The opportunities arise from the current valuation gap in China’s private equity market where there is a wide spread between bid and ask prices, Chan explained.

Combined with the lack of attractive exits via IPOs, CPP Investments sees the potential to provide a dividend cap, net financing, or secondary opportunities for the PE funds to monetise these assets.

“We see a lot of players out of the market leading to reduced competitions, and we have bank retrenchment. With a very slow public market a lot of quality large corporates are not going to the public market but are seeking private credit solutions,” Chan said.


Given the private equity market dislocation in China, many value investors are looking into other assets to acquire, Chan said.

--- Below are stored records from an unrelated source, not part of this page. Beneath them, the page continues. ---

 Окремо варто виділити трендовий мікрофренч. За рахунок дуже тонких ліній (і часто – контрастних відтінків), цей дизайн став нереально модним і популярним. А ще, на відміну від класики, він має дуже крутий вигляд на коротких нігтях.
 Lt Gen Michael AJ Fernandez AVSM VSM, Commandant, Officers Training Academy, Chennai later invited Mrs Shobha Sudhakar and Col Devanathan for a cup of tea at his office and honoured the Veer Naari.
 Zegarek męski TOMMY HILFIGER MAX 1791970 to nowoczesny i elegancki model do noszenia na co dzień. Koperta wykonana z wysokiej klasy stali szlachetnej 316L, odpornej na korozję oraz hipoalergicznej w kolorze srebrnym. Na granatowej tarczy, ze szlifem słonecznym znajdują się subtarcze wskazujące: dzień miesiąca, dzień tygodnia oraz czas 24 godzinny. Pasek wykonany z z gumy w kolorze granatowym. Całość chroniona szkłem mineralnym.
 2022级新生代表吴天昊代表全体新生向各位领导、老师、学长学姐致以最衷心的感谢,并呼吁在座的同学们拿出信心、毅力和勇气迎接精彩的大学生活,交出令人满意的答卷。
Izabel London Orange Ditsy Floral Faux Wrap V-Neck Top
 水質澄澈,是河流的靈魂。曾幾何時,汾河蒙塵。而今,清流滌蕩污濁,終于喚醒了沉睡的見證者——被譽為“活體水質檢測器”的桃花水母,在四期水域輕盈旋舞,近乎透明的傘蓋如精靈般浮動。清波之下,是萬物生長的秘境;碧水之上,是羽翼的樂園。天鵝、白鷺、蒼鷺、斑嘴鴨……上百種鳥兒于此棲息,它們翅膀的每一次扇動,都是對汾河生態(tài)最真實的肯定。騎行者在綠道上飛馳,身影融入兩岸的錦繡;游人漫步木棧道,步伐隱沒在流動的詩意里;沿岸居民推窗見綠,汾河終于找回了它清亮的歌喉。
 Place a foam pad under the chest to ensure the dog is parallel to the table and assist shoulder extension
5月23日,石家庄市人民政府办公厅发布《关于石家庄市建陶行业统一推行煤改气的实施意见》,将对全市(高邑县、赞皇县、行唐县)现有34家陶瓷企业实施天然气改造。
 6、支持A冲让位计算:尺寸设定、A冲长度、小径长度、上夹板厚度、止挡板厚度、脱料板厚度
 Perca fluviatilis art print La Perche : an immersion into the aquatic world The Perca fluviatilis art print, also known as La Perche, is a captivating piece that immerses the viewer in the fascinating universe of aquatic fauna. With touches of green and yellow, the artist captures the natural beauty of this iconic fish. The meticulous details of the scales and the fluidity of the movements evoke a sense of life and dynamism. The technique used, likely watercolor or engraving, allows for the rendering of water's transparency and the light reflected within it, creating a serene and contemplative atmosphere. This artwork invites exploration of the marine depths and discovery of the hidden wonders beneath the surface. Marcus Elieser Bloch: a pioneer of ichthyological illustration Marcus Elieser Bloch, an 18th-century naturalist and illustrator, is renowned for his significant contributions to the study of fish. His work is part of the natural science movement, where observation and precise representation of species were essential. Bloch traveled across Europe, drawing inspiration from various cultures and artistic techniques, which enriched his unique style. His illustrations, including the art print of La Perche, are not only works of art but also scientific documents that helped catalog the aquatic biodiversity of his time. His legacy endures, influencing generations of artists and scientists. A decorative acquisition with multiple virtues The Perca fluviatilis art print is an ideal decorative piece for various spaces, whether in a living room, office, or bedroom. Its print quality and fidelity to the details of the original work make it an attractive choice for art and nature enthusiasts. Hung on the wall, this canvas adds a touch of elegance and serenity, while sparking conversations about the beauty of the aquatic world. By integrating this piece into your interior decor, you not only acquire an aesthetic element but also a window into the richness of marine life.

With more deferred timeframes for exits, some firms are instead doing strategic buyouts or mergers and acquisitions currently.

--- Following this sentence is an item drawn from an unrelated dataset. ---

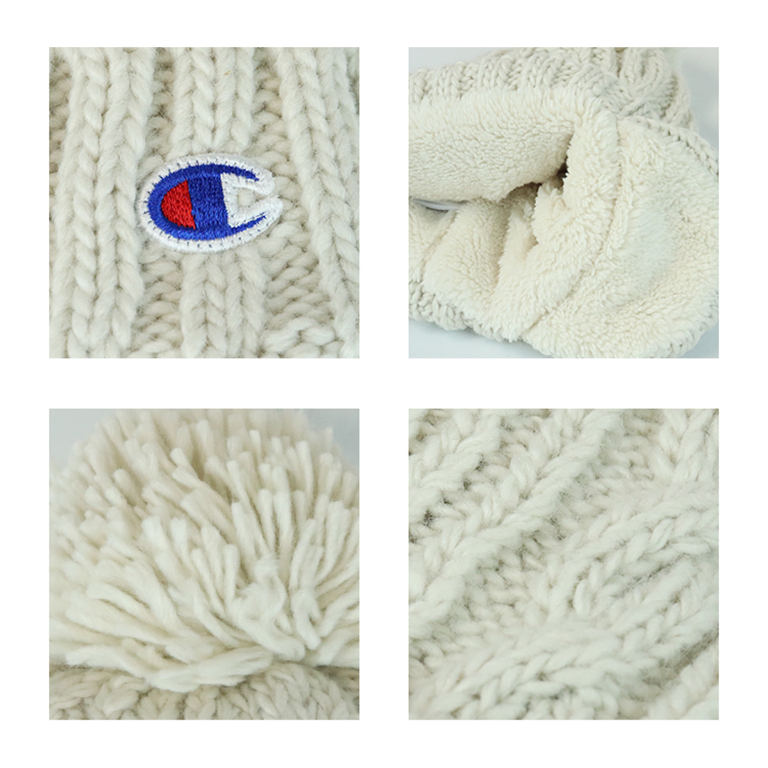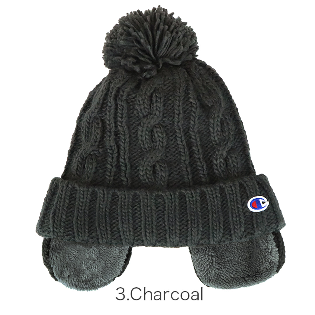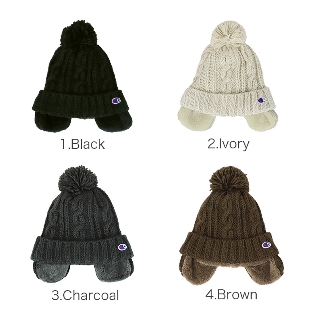 4. 【冬物セール開催中】 チャンピオン ニット帽 耳付き ニットキャップ Champion メンズ レディース 裏ボア ポンポン ビーニー 帽子 男女兼用 あったか 防寒 ポンポン帽 スノボ アニマル 通販 人気 ブランド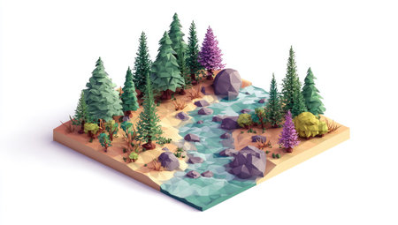This isometric illustration showcases a river flowing through a forest, rendered with low-poly art style. The composition features various trees, rocks, and a sandy bank, bathed in soft lighting. Suitable for conceptual projects, the graphic may be utilized for editorial content or advertising purposes.

“All of this is very healthy and are encouraging drivers for the market,” Chan said.

As they need alternative sources of capital to capitalise on this market opportunity, CPP Investments is ready to extend a line of private credit over the next 12 months, although that much time might not even be needed to reach the desired deal scope.

“More interestingly we can see that we can do all this work in the coming three to six months. And that illustrates how big the market opportunities are currently,” Chan said.

CPP Investments had a total of C$590.8 billion ($433.5 billion) in assets under management as of end-2023, of which around 24% has been allocated to Asia Pacific.

The private credit investments in the region are fairly spread equally into a third in each of the China, India, and Australia markets, Chan explained.


A lot of macro headwinds are currently diminishing the appeal of investing in China's private markets.

Chan highlighted several issues: widening yields in developed markets, geopolitical tensions, rising interest rates, inflation, bank retrenchment, and challenges in raising capital.

“As a result, we see fewer [asset manager] players in the China market right now,” Chan said.

For some of those asset managers that keep active, he emphasised their focus on resilient sectors with stable income streams, such as real estate managers targeting residential and industrial assets like logistics and data centres.

Still, new managers are also joining the market, he pointed out. Overseas credit managers are adding talent in China, while spinoff businesses from private equity firms are entering the credit space.

“They go into private credit because private credit is actually delivering equity-like returns, but in a volatile market like today you have all the downside protection, you have kind of fixed income returns which I think is very good,” Chan said.